Мы снова замолчали. «Уважаемые пассажиры, со второго пути отправляется электропоезд до станции Ораниенбаум-один. Поезд проследует со всеми остановками».
«Ну всё, пока», — улыбнулся я, — «Надеюсь, до скорого». Она крепко держала мою руку и жадно, серьёзно смотрела в глаза, потом на цыпочках подтянулась к уху и тихонько сказала «спасибо».

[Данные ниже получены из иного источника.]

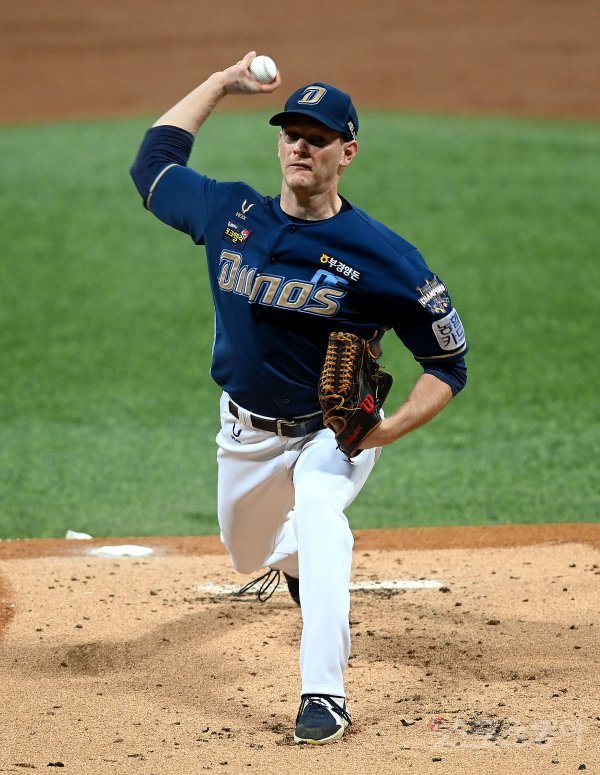 12일 서울 고척스카이돔에서 ‘2021 신한은행 SOL KBO리그’ 키움 히어로즈와 NC 다이노스의 경기가 열렸다. NC 선발투수 루친스키가 힘차게 볼을 던지고 있다.

Сны не горят. А жаль. Лучше бы такие сны сгорали. Только это не сон. Это реальность. Какие же пидоры в нашей советской армии. Так наёбывать весь честной народ! «Контрольная явка, контрольная явка!». Собрать толпу робких подростков, запихать в автобус, привезти на военно-транспортный полигон, — это у них называется «контрольная явка»? Вот ведь уроды! А я, дурак, начал рыпаться. Видимо, судьба моя такая, — в карцере. Ноги одеревенели. Бритая голова саднит порезами. Вместо покрывала, — кусок матерчатой ткани. Но он же ни фига не греет. А если я себе чего-нибудь отморожу, — да кого это ебёт!? Служи, сынок, отдавай долг Родине. Какого я чего-то этой Родине должен? Что она для меня сделала? Да ничего! А вот ведь, — должен. Уроды. Они такие же, как Мерлин Мэнсон, только красивые. Почему карцеры делают похожими на психушку? Серые стены, серый потолок, серые двери, никаких окон, — только лампы над головой белеют, словно длинные звёзды. Запёкшаяся кровь на воротничке. Всё-таки тяжёлый сапог у этого сержанта. Аж зубы сводит. Зато у меня есть солнышко. Моё личное, длинное, белое солнышко. Кто вам сказал, что солнышко не бывает белым? Это особенное, — моё. Оно всегда белое. Оно всегда есть. Только оно уже старенькое, мерцает иногда. Как же всё-таки холодно!

В тексте использованы цитаты следующих рок-групп и попсовых исполнителей: «Чиж и компания», «Ленинград», «Би*2», «Сплин», «Звери», «Мумий Тролль», «Черта», «Жуки», «Кино», «Дельфин», «Gorillaz», «Мультfильмы», «Два самолёта», Марии Ржевской и Владимира Владимировича Шахиджаняна.